School of Pharmaceutical Sciences, Xiamen University, Xiamen 361005, China.
Molecules. 2011 Jul 26;16(8):6339-48. doi: 10.3390/molecules16086339.
A novel furocoumarin derivative named oxyalloimperatorin (1), together with seventeen furocoumarins 2-18 were isolated from the radix of Angelica dahurica. The chemical structure of new metabolite was characterized by analysis of IR, NMR, and HR-ESI-MS spectroscopic data. Among the isolated compounds, 13, 16, and 18 (each at 20 μM) could significantly promote the gene transcriptional function of nuclear receptor RXRα. While 7-9, 13, 14, and the new structure 1 (each at 20 μM) showed significant reduction in RXRα gene transcriptional activities induced by 9-cis-retinoid acid. The findings indicated that these furocoumarin skeleton derivatives might hold beneficial effects on many intractable diseases, such as cancer and metabolic diseases, due to their potential activities on regulating the transcriptional activation function of RXRα.
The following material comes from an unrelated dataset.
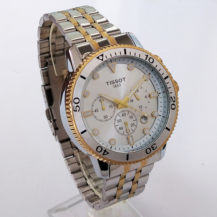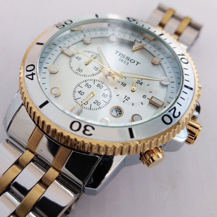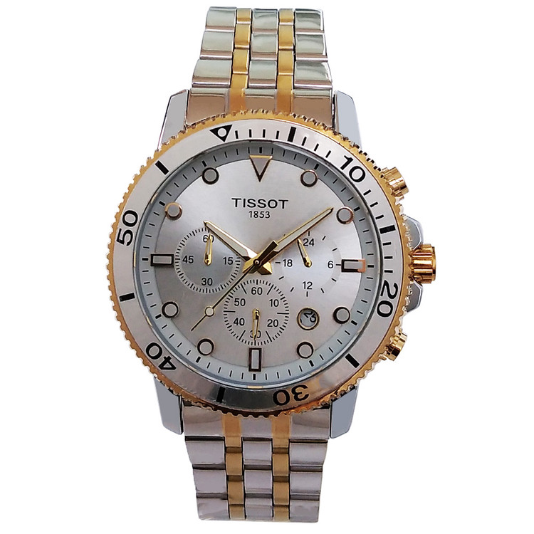ساعت تیسوت سه موتوره فعال کرنوگراف ضدآب رنگ ثابت طلایی نقره ای سفید اسپرت ارسال رایگانTISSOT

从白芷根部分离得到一个新的呋喃香豆素衍生物,命名为 oxyalloimperatorin(1),并分离得到 17 个呋喃香豆素化合物 2-18。通过分析 IR、NMR 和 HR-ESI-MS 光谱数据,确定了新代谢产物的化学结构。在所分离的化合物中,化合物 13、16 和 18(浓度均为 20μM)能显著促进核受体 RXRα 的基因转录功能。而化合物 7-9、13、14 和新结构 1(浓度均为 20μM)能显著抑制 9-顺式视黄酸诱导的 RXRα 基因转录活性。这些发现表明,由于这些呋喃香豆素骨架衍生物可能具有调节 RXRα 转录激活功能的潜力,因此它们可能对癌症和代谢疾病等许多难治性疾病具有有益的影响。